- Born: 17 October 1863 Oxford, England
- Died: 15 February 1936 (aged 72) Oxford, England

= Frank Arthur Bellamy =

British astronomer

Frank Arthur Bellamy (17 October 1863 – 15 February 1936) was a British astronomer. He worked on Astrographic Catalogue with his niece, Ethel Bellamy.

==Life==
Frank Bellamy was born at St John Street, Oxford in 1863, the son of the bookbinder Montague Bellamy.

Bellamy attended Magdalen College School, Oxford and a few months before his eighteenth birthday in July 1881 was appointed Second Assistant at the Radcliffe Observatory, a post that had previously been held by his older brothers Frederick and Harry. In 1903, he was one of three astronomers to independently discover IC 4996.

Bellamy became a British astronomer who worked on Astrographic Catalogue with his niece, Ethel Bellamy. Together they catalogued over 1,000,000 stars using photographic techniques. He was elected a fellow of the Royal Meteorological Society on 16 May 1883. He was also elected a fellow of the Royal Astronomical Society on 14 February 1896. Lastly he joined the British Astronomical Association on 27 December 1933.

Bellamy was the founding Secretary and Treasurer of the Oxford Philatelic Society, which was founded in 1890. For much of the time until his death, he remained in those two posts.

In 1930 Frank Bellamy and his niece Edith moved to 2 Winchester Road, Oxford, and it has a blue plaque in their memory.

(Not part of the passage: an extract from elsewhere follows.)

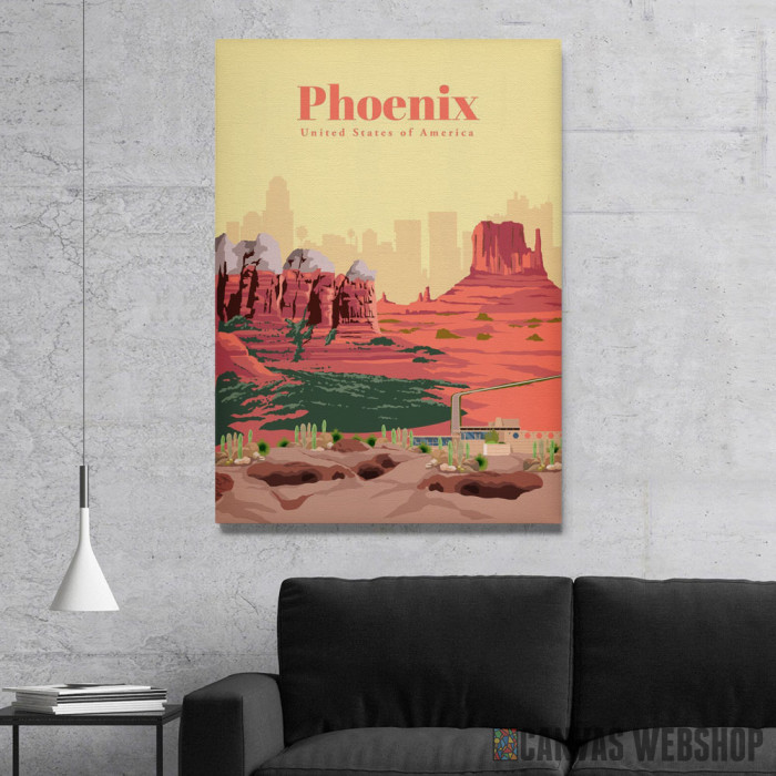 Travel to Phoenix je slika odštampana na kvalitetnom pamučnom platnu koje je zategnuto na ram od bukovog drveta. Slika Travel to Phoenix je dostupna u različitim dimenzijama.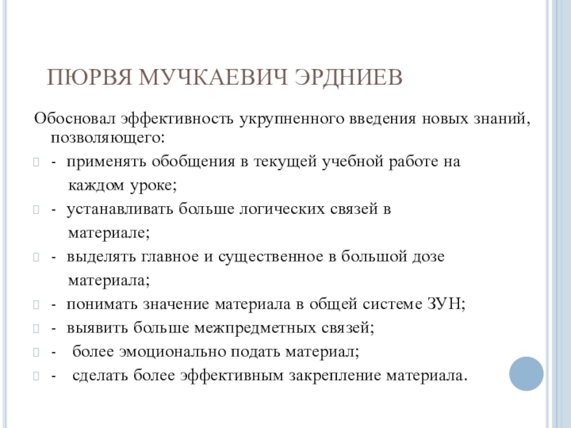 Обосновал эффективность укрупненного введения новых знаний, позволяющего:

Bellamy died in 1936 at 2 Winchester Road after falling out with his colleague H. H. Plaskett. Despite his long partnership with his niece, he left a valuable collection to Cambridge University. This was judged to be him placing his heritage to society higher than that to his family. His niece's finances were helped when Cambridge University refused Bellamy's bequest so that it could be sold.

He was buried in St Sepulchre's Cemetery, Oxford.

==Philatelic publications==
- Oxford and Cambridge College Messengers Postage Stamps, Cards, and Envelopes 1871-86. 1921.
- A Concise Register of the College Messenger Postage Stamps, Envelopes, and Cards used in the Universities of Oxford and Cambridge 1871-95, together with the stamps used by the Oxford Union Society 1859-85. 1925.